Please repeat the whole listing exactly, but leave the pictures out.

==================================================

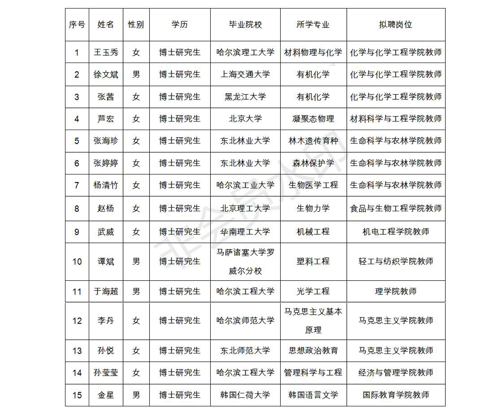 按照《黑龙江省事业单位公开招聘工作人员实施细则》的规定,根据《万象城AWC官方网站2020年上半年公开招聘人员公告》明确的原则、程序和方法,现将拟聘用人员予以公示。如对公示人员有异议,可在公示期内反映,反映情况和问题必须实事求是,应签署或告知真实姓名、工作单位和联系方式;对线索不清的匿名信和匿名电话,公示期间不予受理。
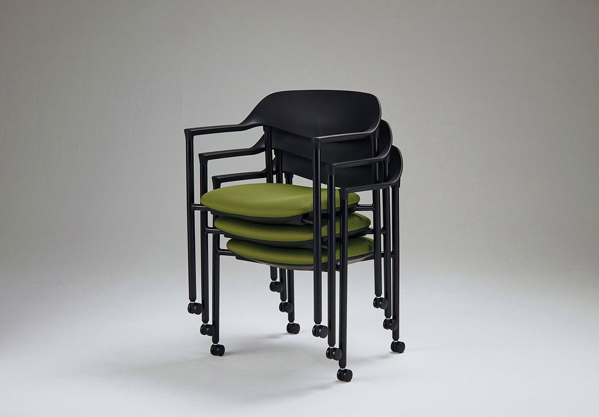 全タイプ、平積みで3脚までスタッキングが可能です。
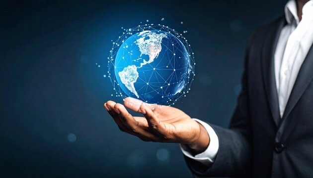 A scene in which a man raises his hand and a digital globe-shaped object rotates in his palm
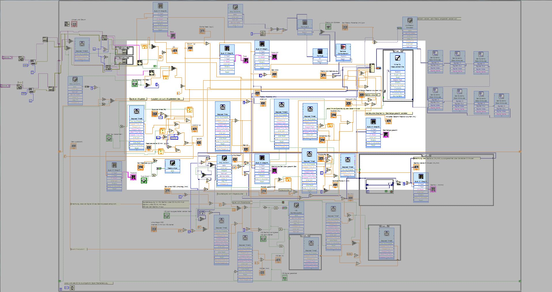 Dementsprechend sieht auch mein Labview Programm aus, dass von Zeit zu Zeit mit Steigenden speziellen Anforderungen wuchs.
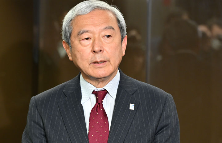 国交省で取材に応じるNAAの田村社長=25年4月4日 PHOTO: Tadayuki YOSHIKAWA/Aviation Wire
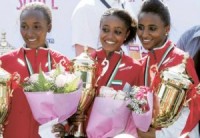 Dubai-  - Ethiopian-born United Arab Emirates (UAE) athletes Betty Desalegn Belayneh and Alia Saeed Mohammad together with Amnae Beriso of Ethiopia,...
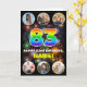 L'avant de cette carte de voeux audacieuse et passionnante à thème d'anniversaire comporte un grand nombre de "83" ayant un motif coloré à spectre arc-en-ciel inspiré du gradient, avec le message "HAPPY 83rd BIRTHDAY", et un nom modifiable, sur un motif multicolore d'éclatement des feux d'artifice inspiré. Près du haut et du bas de l’avant se trouvent des images qui peuvent être customisées, peut-être avec des photos de la famille et des amis du bénéficiaire. L'intérieur comporte un message d'anniversaire personnalisé, ou pourrait être effacé et laissé vide si un message doit être écrit à la main à la place. Une carte de voeux d’anniversaire amusante et personnalisée comme celle-ci pourrait être utilisée pour célébrer le quatre-vingt-troisième anniversaire de quelqu’un. (Photographie © Storytree Studios, Stanford, CA.) [~Z0000660]

==================================================

Answer below:
 按照《黑龙江省事业单位公开招聘工作人员实施细则》的规定,根据《万象城AWC官方网站2020年上半年公开招聘人员公告》明确的原则、程序和方法,现将拟聘用人员予以公示。如对公示人员有异议,可在公示期内反映,反映情况和问题必须实事求是,应签署或告知真实姓名、工作单位和联系方式;对线索不清的匿名信和匿名电话,公示期间不予受理。
 全タイプ、平積みで3脚までスタッキングが可能です。
 A scene in which a man raises his hand and a digital globe-shaped object rotates in his palm
 Dementsprechend sieht auch mein Labview Programm aus, dass von Zeit zu Zeit mit Steigenden speziellen Anforderungen wuchs.
 国交省で取材に応じるNAAの田村社長=25年4月4日 PHOTO: Tadayuki YOSHIKAWA/Aviation Wire
 Dubai-  - Ethiopian-born United Arab Emirates (UAE) athletes Betty Desalegn Belayneh and Alia Saeed Mohammad together with Amnae Beriso of Ethiopia,...
 L'avant de cette carte de voeux audacieuse et passionnante à thème d'anniversaire comporte un grand nombre de "83" ayant un motif coloré à spectre arc-en-ciel inspiré du gradient, avec le message "HAPPY 83rd BIRTHDAY", et un nom modifiable, sur un motif multicolore d'éclatement des feux d'artifice inspiré. Près du haut et du bas de l’avant se trouvent des images qui peuvent être customisées, peut-être avec des photos de la famille et des amis du bénéficiaire. L'intérieur comporte un message d'anniversaire personnalisé, ou pourrait être effacé et laissé vide si un message doit être écrit à la main à la place. Une carte de voeux d’anniversaire amusante et personnalisée comme celle-ci pourrait être utilisée pour célébrer le quatre-vingt-troisième anniversaire de quelqu’un. (Photographie © Storytree Studios, Stanford, CA.) [~Z0000660]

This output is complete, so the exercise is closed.